GOAL OF THE EXERCISE ▸
For every line below, restate it exactly and drop the images.

MATERIAL PROVIDED ▸
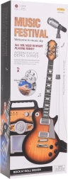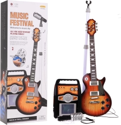 - chitarra elettrica (marrone), microfono su supporto, amplificatore, cavo jack, tracolla
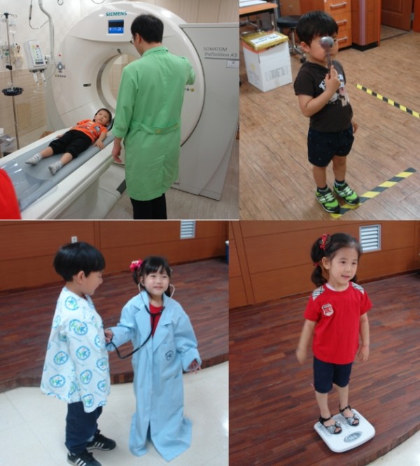 의사복과 환자복을 입고 의사와 환자체험을 해보았습니다.
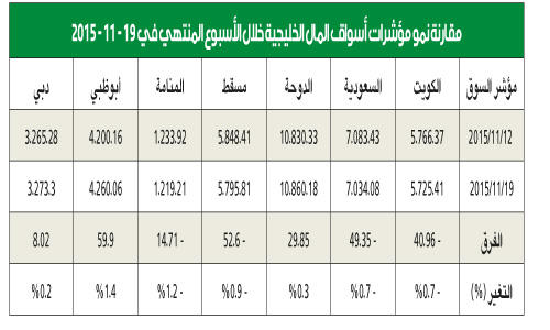 تباين أداء مؤشرات أسواق دول مجلس التعاون المالية الأسبوع الماضي. حيث ربحت ثلاثة أسواق وتراجعت أربعة. وكان أبوظبي الأفضل أداء محققاً نسبة 1.4 في المئة تلاه القطري وبنسبة قاربت ثلث نقطة مئوية ثم دبي بعُشري نقطة مئوية. وكان السوق الأصغر والأقل سيولة البحريني هو الأكثر خسارة وبنسبة 1.2 في المئة ثم مسقط بنسبة 0.9 في المئة وقريبة من نقطة مئوية وتعادل سوقا الكويت والسعودية بنسبة الخسارة التي كانت 0.7 في المئة.توقف عن النزيف في الإمارات وقطر
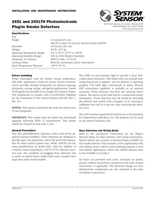 Installation Manual for the System Sensor 2451 and 2451TH, published in 2004. Document No: I56-277-10R, Rev: 10R. Models 2451 and 2451TH. Hardware installation, terminal connections, and environmental requirements.

SOLUTION ▸
 - chitarra elettrica (marrone), microfono su supporto, amplificatore, cavo jack, tracolla
 의사복과 환자복을 입고 의사와 환자체험을 해보았습니다.
 تباين أداء مؤشرات أسواق دول مجلس التعاون المالية الأسبوع الماضي. حيث ربحت ثلاثة أسواق وتراجعت أربعة. وكان أبوظبي الأفضل أداء محققاً نسبة 1.4 في المئة تلاه القطري وبنسبة قاربت ثلث نقطة مئوية ثم دبي بعُشري نقطة مئوية. وكان السوق الأصغر والأقل سيولة البحريني هو الأكثر خسارة وبنسبة 1.2 في المئة ثم مسقط بنسبة 0.9 في المئة وقريبة من نقطة مئوية وتعادل سوقا الكويت والسعودية بنسبة الخسارة التي كانت 0.7 في المئة.توقف عن النزيف في الإمارات وقطر
 Installation Manual for the System Sensor 2451 and 2451TH, published in 2004. Document No: I56-277-10R, Rev: 10R. Models 2451 and 2451TH. Hardware installation, terminal connections, and environmental requirements.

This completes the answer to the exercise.